Kudos to Dugoni for writing the two lead women in the book (wife-Tina, bodyguard-Alex) as smart and resourceful without becoming cartoonish; relying on brains to stay alive. And the action involving Sloane that is a little over the top, is just plain fun. Who wouldn’t want a tank coming to the rescue, just when you need it?


I met Robert Dugoni when he was teaching a writing class at a NYC conference. “Wrongful Death,” the second in the ‘David Sloane’ strand, had just come out and Dugoni autographed the book for me. I’m especially delighted that I waited in line because this one is a keeper.
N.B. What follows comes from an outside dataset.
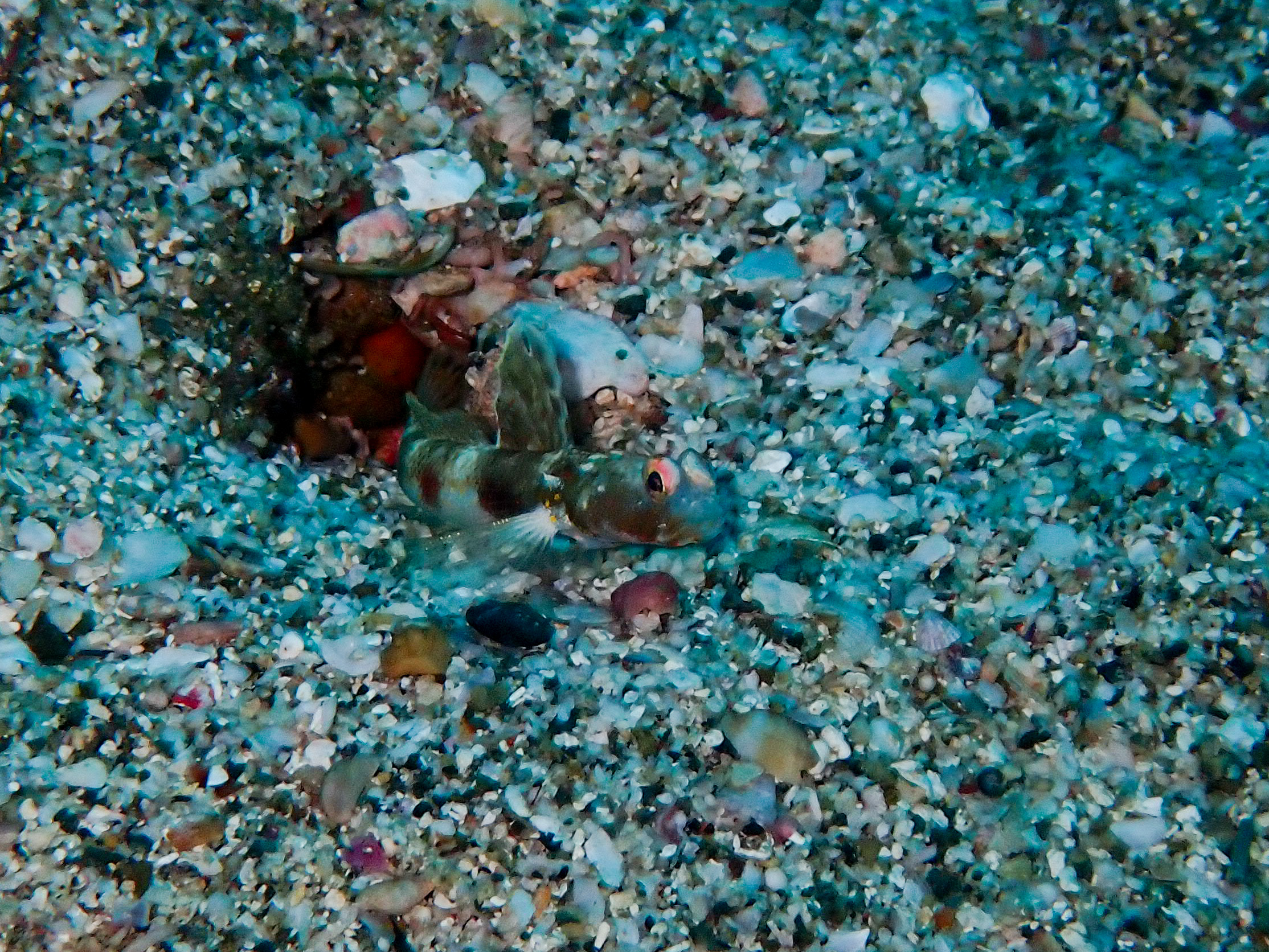 チンアナゴ、ヤシャハゼ、ヒレナガネジリンボウ、コシオリエビ属の一種、モンツキベラYg、アオヤガラYg、アオウミウシ、ミカドウミウシの卵

An equally intelligent screenplay would make for a great movie.


"Wrongful Death" (2009) was followed by "Bodily Harm," (2010) "Murder One," (2011) and "The Conviction." (2012) Dugoni has written other, stand-alone novels, as well as co-authoring a non-fiction title, “The Cyanide Canary,” a true crime story.
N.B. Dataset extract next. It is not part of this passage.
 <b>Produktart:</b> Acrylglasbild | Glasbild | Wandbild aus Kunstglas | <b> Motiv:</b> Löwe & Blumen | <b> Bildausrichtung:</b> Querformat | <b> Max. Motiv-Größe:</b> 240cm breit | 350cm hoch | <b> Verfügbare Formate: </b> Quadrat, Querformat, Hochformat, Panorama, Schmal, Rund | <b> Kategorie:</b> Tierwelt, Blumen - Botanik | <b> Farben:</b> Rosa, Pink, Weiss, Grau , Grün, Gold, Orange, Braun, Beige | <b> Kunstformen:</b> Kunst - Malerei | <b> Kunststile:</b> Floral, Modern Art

For more information about Robert Dugoni and his work, visit





“Killing Floor” by Lee Child

Book cover - Killing Floor


“I was arrested in Eno’s Diner” – the phrase that began the wildly successful Jack Reacher series.


Reacher strolls into a spotless, apparently prosperous little Georgia town, looking for a man his brother suggested he check out –  a musician from the area. Reacher eats breakfast in a brand new local diner and less than thirty minutes later, gets thrown in jail for a murder, just because he’s a stranger in town who passed a crime scene on his walk into the burg. But, he knows he hasn’t killed anybody. “Not for a long time, anyway.” Events go from bad to much worse. Within a few hours, he is taken to prison along with another innocent man and both are ‘mistakenly’ delivered to the 'Killing Floor.' Only Reacher’s exceptional skill set saves them from becoming two more bloody smears on the Floor.
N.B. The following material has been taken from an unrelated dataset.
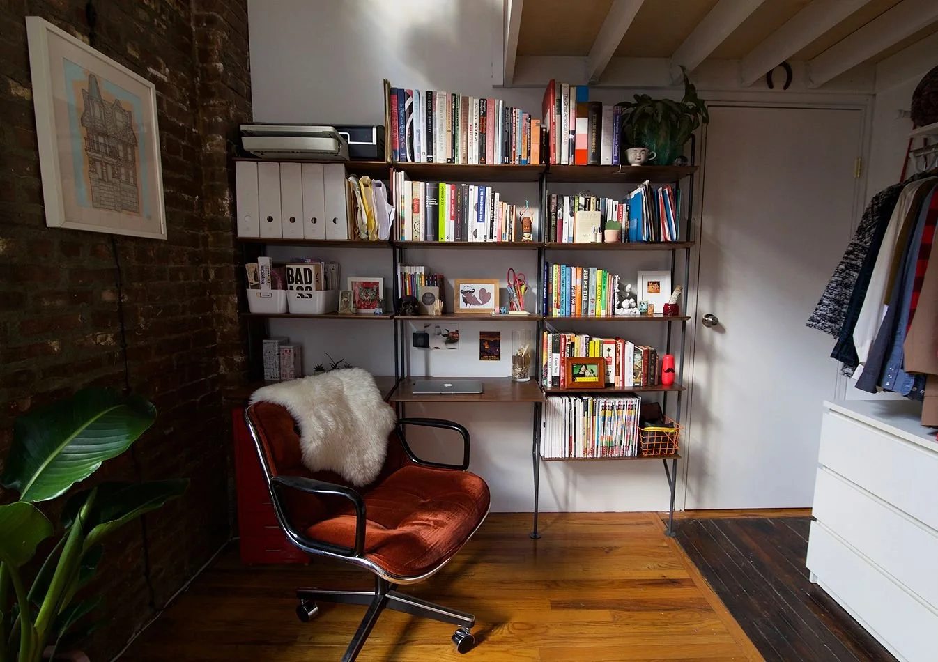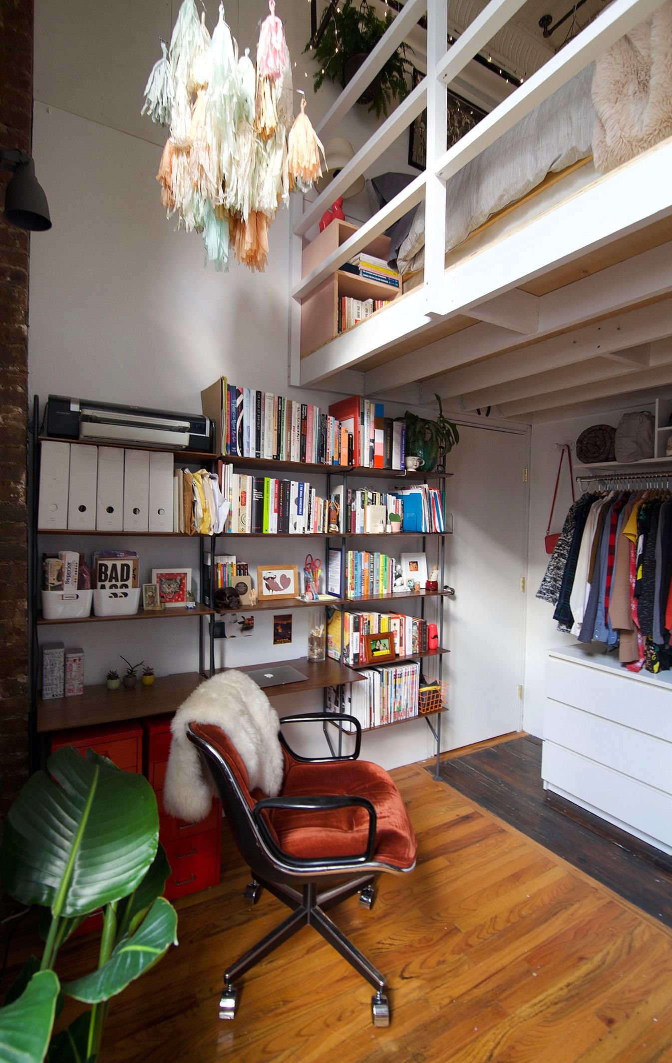 Working with a small footprint, I worked vertically to create a space that would be conducive to working from home (pre-pandemic).

Reacher is a loner who likes women and thinks of each of them kindly, fondly, respectfully. But, enjoying his six months of freedom on the road after years of following orders as a military brat and then doing a stint in the service as an MP, he is not thinking of settling in one place any time soon. He doesn’t even have a suitcase – he buys new clothes, takes the dirty ones off his back and throws them away. No need for a car either – he walks everywhere.


It is impossible to discuss the plot points without giving away the incredible story, but the thrill ride is spectacular and never disappoints. The bad guys are evil, the murders vicious and the twists and turns truly surprising. Throw in the reason for the entire town keeping a secret, as well as his own brother’s involvement in that secret, and Child hooks his readership for good.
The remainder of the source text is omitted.